It was inevitable: Google began honouring Pakistani artists and prominent social figures, who are no more, through its ‘doodles’ in 2015, starting with the legendary qawwal Nusrat Fateh Ali Khan.
It was followed by tributes to Madame Noor Jehan and Nazia Hasan.
Many had wondered why Mehdi Hasan, the king of ghazals and one of the top-notch playback singers of Pakistan, had been ignored.
Well, in the early hours of Thursday, July 18, admirers of the great vocalist got a pleasant surprise when they accessed the search engine to see an impressive image of Mehdi Hasan.
July 18 would have been the late artist’s 91st birthday.
Hasan (or Khan Sahib, as he was known in showbiz circles) passed away on June 13, 2012 in Karachi. Interestingly, it was a Thursday.
And Google’s birthday tribute came on the same day of the week.
It is nothing more than coincidence, though.
Hasan was born into a family of musicians in a village called Luna in Rajasthan in 1927.
His father Ustad Azeem Khan was a notable classical musician.
Naturally, Hasan was initially trained in classical singing.
He could also play an instrument or two.
After partition, when his family migrated to Pakistan, Hasan did not think that he could make it as a professional singer, so he did quite a few jobs.
But soon he got the opportunity to be a thumri singer on Radio Pakistan.
It did not take him long to win admirers.
And once he sang for the film Shikar in the late 1950s, there was no looking back.
Hasan went on to lend his voice to many heroes in a number of films, most of which were box office hits.
However, it was his ghazal singing that earned him a position among quality vocalists of that era.
The Faiz Ahmed Faiz ghazal, Gulon mein rang bharey baad-e-nau bahaar chaley that he sang for the film Farangi in 1962 became, and still is, synonymous with his name.
There has never been, nor there will ever be, another Mehdi Hasan in ghazal singing.
The image that Google has come up with shows a younger Hasan, comfortably sitting cross-legged, playing the harmonium, eyes closed as if in a reverie, with a shawl over his shoulder.

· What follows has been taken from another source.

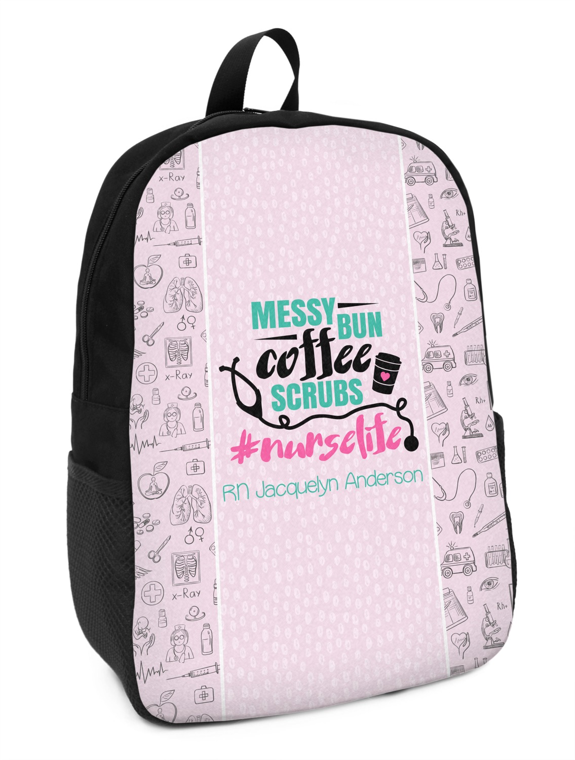 This design features a quote saying "messy bun, coffee, scrubs, #nurselife." The background has two different subtle patterns. One has subtle dots, while the other has fun illustrations of different medical tools and symbols. The two backgrounds are a soft pink. The quote has several different colors including pink, black, and teal.

Two things other than the artist are readily noticeable in the picture: musical notes floating out of the harmonium, wafting through the air, and the candles placed around him.
Now the candle (shama in Urdu) holds a significant place in Urdu literature, especially when a mushaira is held where poets present their kalaam.
In a mushaira when a poet comes to the podium to recite his ghazal or nazm, the moderator often uses the phrase shama-e-mehfil (the light of the congregation) implying now that the attention is turned towards a particular poet who will read his material.
Also, the metaphor of the shama in Urdu poetry is the oldest.
It signifies the beloved who has the power to consume the lover often portrayed as the parwana (moth).
And Hasan was definitely one of those rare artists who are consumed by their art.